Кирки служили для того, чтобы разбивать крупные камни. Копать было предпочтительнее, чем работать киркой, потому что кирка не имеет длинного черенка, а лопата имеет, и, значит, когда копаешь, нагибаться не нужно. Вставать на колени или садиться на корточки запрещалось, работать полагалось стоя. Тот, кто, устав, опускался на колени, получал один штрафной пункт, если же у заключенного набиралось пять пунктов, вечером после работы он проходил процедуру самокритики.
В полдень каждому давали по маленькой клецке из пшенной каши и по черпаку водянистого супа.
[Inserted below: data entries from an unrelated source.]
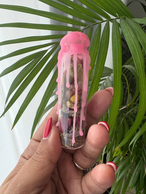 The Self Love Spell Jar is a gentle but powerful blend of self-worth herbs, heart-healing crystals, and uplifting energies to help you reconnect with your magic, soothe your soul, and call back your light. This is your reminder: you are already enough.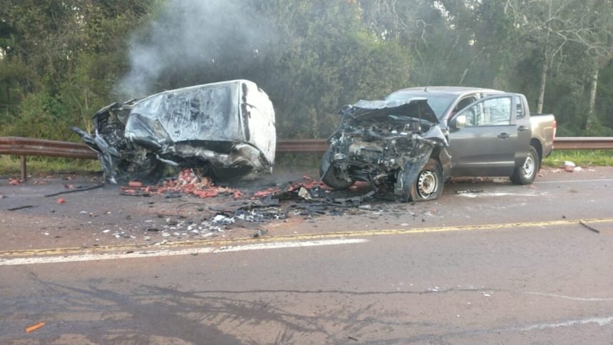 Este sábado en la mañana, dos personas fallecieron en un siniestro vial ocurrido en la ruta nacional 12 al kilómetro 1507 de la localidad de Caraguatay, entre dos camionetas donde una de ellas quedó incinerada.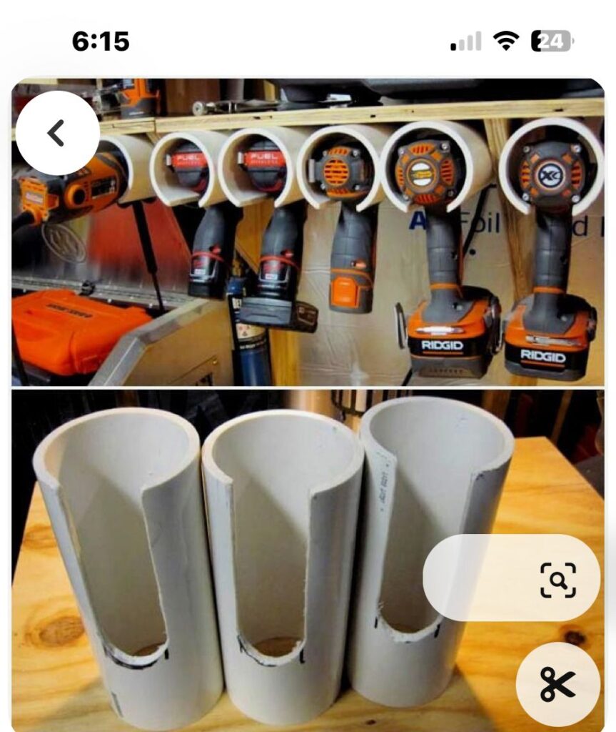 3. Corte pedaços de cano PVC para organizar furadeiras e colas
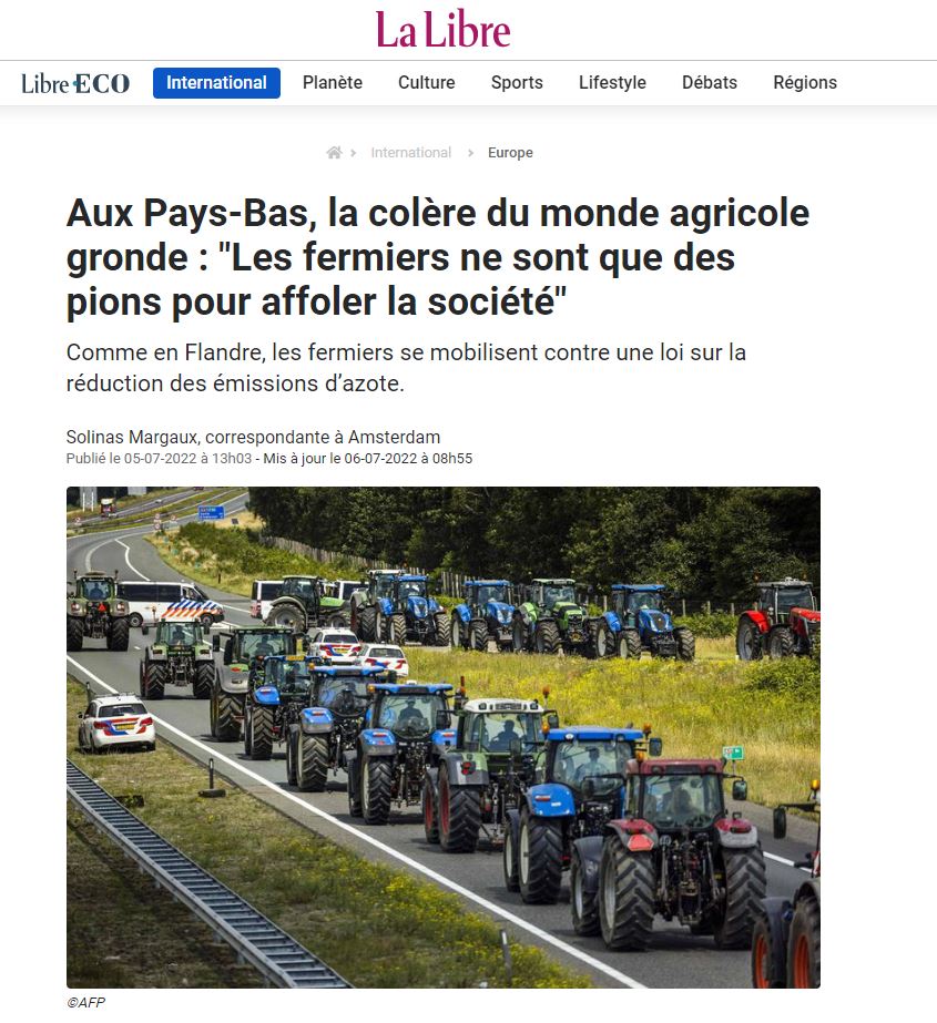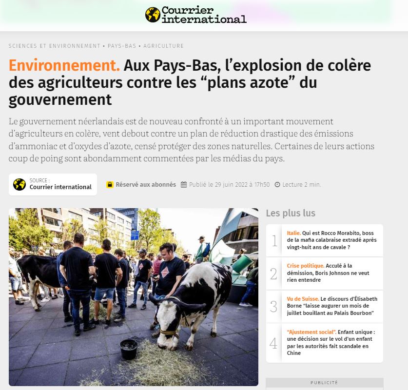 En juillet 2022,le gouvernement néerlandais a, à nouveau, provoqué la colère d'agriculteurs en annonçant le 10 juin un plan de grande ampleur pour faire baisser les rejets d'azote jusqu'à 70% dans 131 zones clés du pays (dont la plupart sont proches de réserves naturelles et de terres protégées) afin d'atteindre ses objectifs environnementaux d'ici 2030.

Иногда в кастрюле, из которой разливали суп, плавал одинокий капустный лист, но чаще нет. Если лист и был, он всегда в конечном итоге оставался лежать на дне кастрюли, а нам, заключенным, не доставался, потому что на следующий день его полагалось снова варить. Суп не имел вообще никакого вкуса, но был теплым, и если как следует его распробовать – а я всегда так и делал, – можно было вообразить, что в нем есть привкус этого самого капустного листа.
В час дня разрешалось сходить по малой нужде – до часу пятнадцати. Тот, у кого из-за такого питания случался понос – а поносы случались у каждого, – должен был и с этим управиться до часу пятнадцати, а если не успевал, то, несмотря ни на что, продолжать работать, и тогда вонючая жижа стекала по его ногам, попадая в деревянные башмаки.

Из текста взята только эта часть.